Yeah, I used to just go straight to SW and pick whatever flight worked best for me from Manchester or Providence (pretty much an equal drive) now prices are cheaper out of Boston (parking sucks however) so I've started searching around and finding better prices from Jet Blue and others.


----------



## JimG. (Jul 30, 2014)

deadheadskier said:


> I'm sure it's a comfy space, but it's still flying.  I hate the whole air travel experience, always have. As much as there are far off places in the world I'd like to visit someday, I have very little desire to spend 14 hours in the air to get there.
> 
> I wish technology would advance to the point that the industry could bring back the Concorde jet and have it be economical enough that it could be used domestically.  How sweet would it be to get from Boston to SLC in 90 minutes.



+1

The only part of the experience I like is the actual flying part. Everything else sucks.


----------



## hammer (Jul 30, 2014)

deadheadskier said:


> I wish technology would advance to the point that the industry could bring back the Concorde jet and have it be economical enough that it could be used domestically.  How sweet would it be to get from Boston to SLC in 90 minutes.


I'd like that as well, but beyond economics, for supersonic flights from BOS to SLC there's a little matter of the sonic boom over land...

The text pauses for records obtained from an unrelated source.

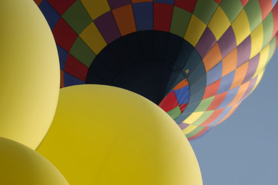 The wind bounced the balloons against one another hard enough to burst one. But it was never quite strong enough to drag the balloons on their sandbags, and continued to slowly subside. The inflation volunteers finished their work in record time. By the time I got into my harness, conditions were ideal for flying. The crew walked me across the road, to where the hot-air balloons were getting ready to launch. |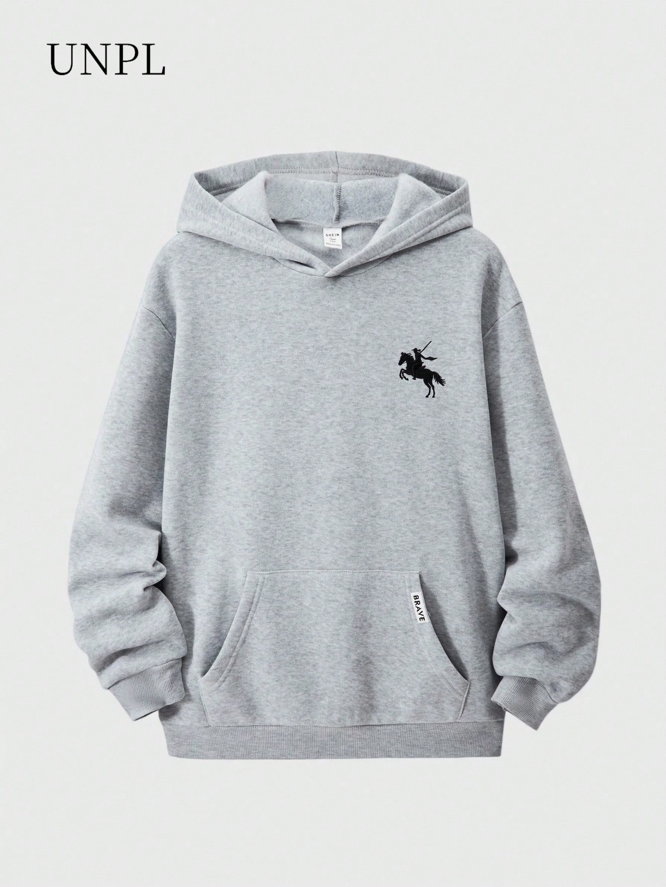 جاكيت هوديي بسيطة للمراهقين والشباب، بلوزة رياضية فضفاضة كاجوال باللون الرمادي
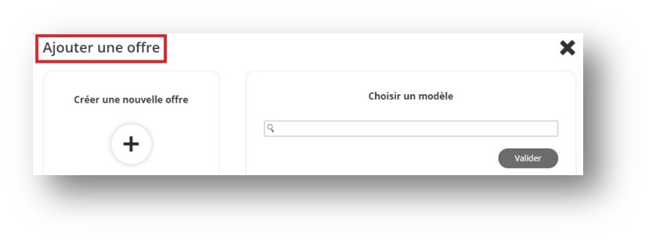 Une fenêtre vous propose deux possibilités : partir d’un formulaire vierge via « Créer une nouvelle offre » ou partir d’un template enregistré en amont via « Choisir un modèle ».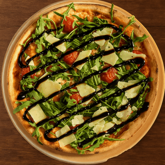 Jeder Biss dieser Pizza ist ein Stück Italien: Die scharfe Salami bringt Feuer und Würze, während der Mozzarella und die Tomaten für harmonische Milde sorgen. Der frische Rucola und der kräftige Grana Padano verleihen der Pizza einen eleganten Abschluss, der mit der süß-säuerlichen Balsamicocreme perfekt abgerundet wird.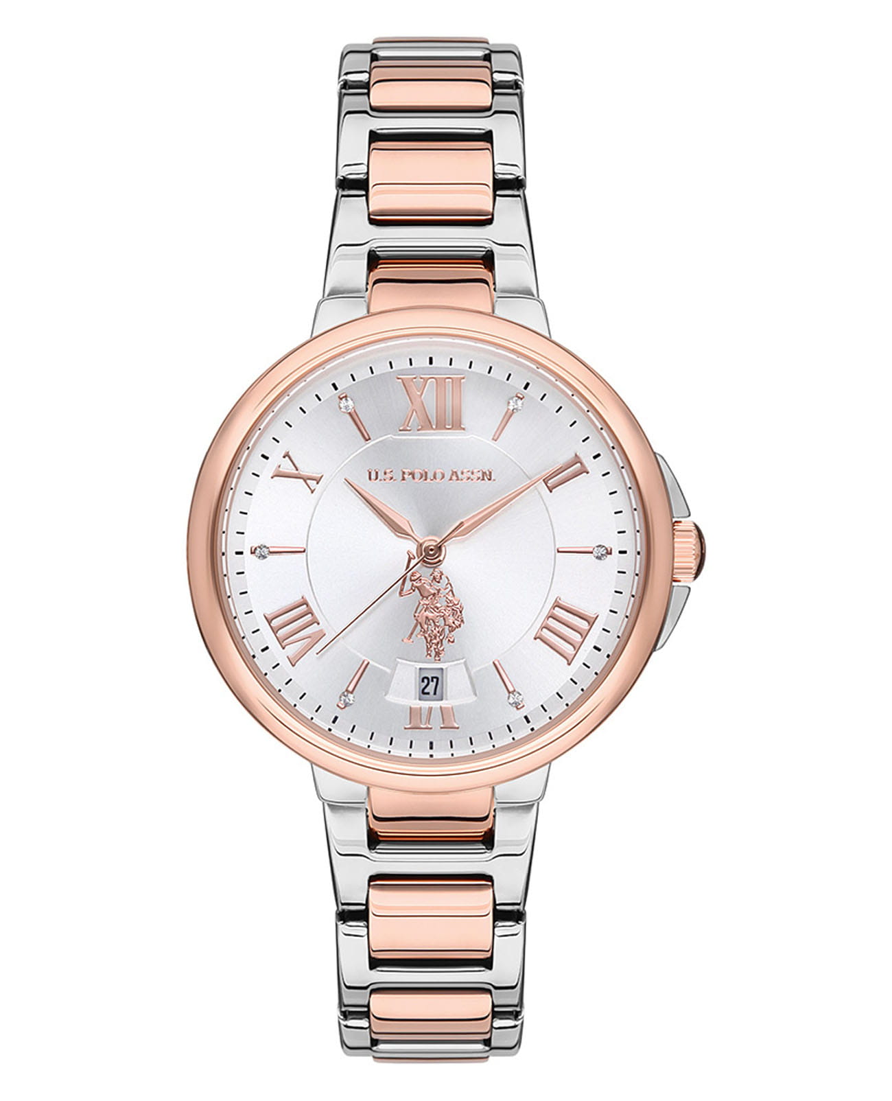 Женские часы U.S. Polo Assn Stile USPA2012-04 кварцевый механизм с высокой точностью. Минеральное стеклоМинеральное стеклоМинеральное стекло представляет собой искусственно выращенный минерал кварца. Такое стекло отличается особой устойчивостью к повреждениям и царапинам. Уступает по некоторым качествам сапфировому стеклу. устойчивое к появлению царапин, обладающее высокой прозрачностью. Корпус часов изготовлен из нержавеющей стали. БезельБезельВнешний ободок, закрепляющий стекло. В спортивных часах так называется поворотное кольцо с делениями на циферблате, выполняет роль таймера – замеряет отрезки времени на шкале. Неподвижный безель – элемент декора. Однонаправленно вращающийся безель на дайверских часах позволяет фиксировать моменты погружения и выныривания на поверхность. с IP-покрытиемIP-покрытиеМетод ионного напыления. Демонстрирует повышенную устойчивость к истиранию, окислению и химическим веществам. Под воздействием высокого давления и температуры около 1500°C молекулы металла надёжно соединяются с частицами корпуса часов.. Циферблат украшен кристаллами. Окошко даты находится в положении 6 часов. Класс водозащиты: 50 метров, позволит защитить корпус от случайных брызг или капель дождя. Стальной браслет с частичным IP-покрытиемIP-покрытиеМетод ионного напыления. Демонстрирует повышенную устойчивость к истиранию, окислению и химическим веществам. Под воздействием высокого давления и температуры около 1500°C молекулы металла надёжно соединяются с частицами корпуса часов. на ювелирной застежке.

http://www.spikeaerospace.com/blog/2013-11-supersonic-flight-and-sonic-booms


----------



## bvibert (Jul 30, 2014)

hammer said:


> I'd like that as well, but beyond economics, for supersonic flights from BOS to SLC there's a little matter of the sonic boom over land...
> 
> http://www.spikeaerospace.com/blog/2013-11-supersonic-flight-and-sonic-booms



Details, details...


----------



## jimk (Jul 30, 2014)

JimG. said:


> +1
> 
> The only part of the experience I like is the actual flying part. Everything else sucks.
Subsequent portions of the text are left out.